Commentary courtesy of Cory Bratland; Kluis Commodities Chief Grain Strategist, USA
Wow! What a change in the landscape of the commodity world. It is hard to believe that in just nine months we can see grain prices rally between 36% and 70% from the lows just last April.
It was tough to project a profit last year. This year, the challenge is deciding which crop to grow in 2021. This impressive move was a surprise to everyone (including us). And as hard as it is to believe, even as soybean cash markets in Western Canada have achieved over $15.50/bu and over $6.50/bu for corn, it still feels like prices can move even higher.
Where do we go from here? What does the future hold? Let’s start by looking at how we got here. How did soybean prices on the Chicago Board of Trade go from $8.08 (last April) to over $13.75 today? Start by looking at last year’s US corn and soybean crops. The US got planted under good conditions, had plenty of rain for most of the season, and got a touch dry as the crop moved into August. That combination still gave a good crop (although lower than earlier projections): over 4.1 billion bushels of soybeans, and 14.5 billion bushels of corn.
In South America, farmers planted more soybean acres than ever. The crop got planted later than normal due to dry conditions, but progressed very well since. The later-planted crop means that they will also have a late harvest. As a result, there will be a bit more demand from North America until they get harvesting in South America. Recently, Argentina has been experiencing some dry conditions and their crop is getting smaller. Brazil’s crop seems to be stabilizing, but isn’t quite as big as the early projections. On the other hand, South America planted more acres than ever. Even with the smaller crop, South America will be producing 185-190 million metric tons of soybeans and 160-165 million metric tons of corn. Both crops are up from last year’s large crop.
If we don’t have a supply issue, then what is driving the markets? Demand. There are two types of bull markets we trade: Supply-driven and demand-driven. In supply-driven markets, we are producing too much grain (or too little). A good example was 2012: The US had a widespread severe drought that year, and nearly ran out of corn. In response, the market rallied high enough to curb demand, so we could start building stockpiles again. That, in turn, led to the US growing several large crops in a row, which increased our supply almost too much. (Result: Grain prices were under pressure for several years.)
Lower prices increase demand. That is exactly what has been taking place the last several years. With prices for all three major commodities (corn, soybeans and wheat) under pressure, demand has grown and how! That is where we are today–smack dab in the middle of a demand-driven market.

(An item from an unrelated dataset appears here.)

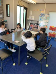 まずは、室内で自己紹介の後に、テニスのルール説明を行い、ポイントの数え方を覚えるため、ジャンケンで遊びながらでポイントを数える練習しました。

It wasn’t one specific event that brought us to today’s markets. Instead, it was several effects that have all been building for a few years. In addition to increasing global demand, we had a trade war with China. Since China refused to buy grain (especially soybeans) from the US, they dipped into their reserves. By now, we hear their reserves are really low, and they need to rebuild their supplies. They are on a mission to buy grain not only from the US but worldwide.
To top it off, we had the Covid-19 pandemic. Initially, it caused a lot of concern about demand, as we watched countries shut down. However, many buyers (whether businesses or countries) may have looked at their stock on hand and realized they might not be able to handle another shutdown, and keep their customers and residents happy. As a result, we have been seeing more countries issue export quotas and increase taxes on imports. They want to make sure they are keeping enough supply around for their people.
What next? Demand-driven markets like we are in right now usually last longer than expected. As we look at the high prices today, we really don’t see much price rationing. It feels like prices will need to rise more. When we look at the past world supply and demand reports, this is pretty obvious. The world is switching to wanting more corn and soybeans, and not as much wheat. Wheat demand is increasing but not to the extent of soybeans, for example. Over the last 10 years, demand for world soybeans has grown 43% and wheat demand has only risen 8.6%. Since the world is demanding more soybeans and corn, this will help keep prices supported.
Demand-driven markets are much more fun. As China and other countries look to rebuild their supplies, we could see this strong demand hang around for a few years. When I look at the major crop alternatives for 2021, I think soybeans offer the greatest profit potential, corn second and wheat a distant third. It will still take some risk management on your farm, but the future of agriculture looks bright.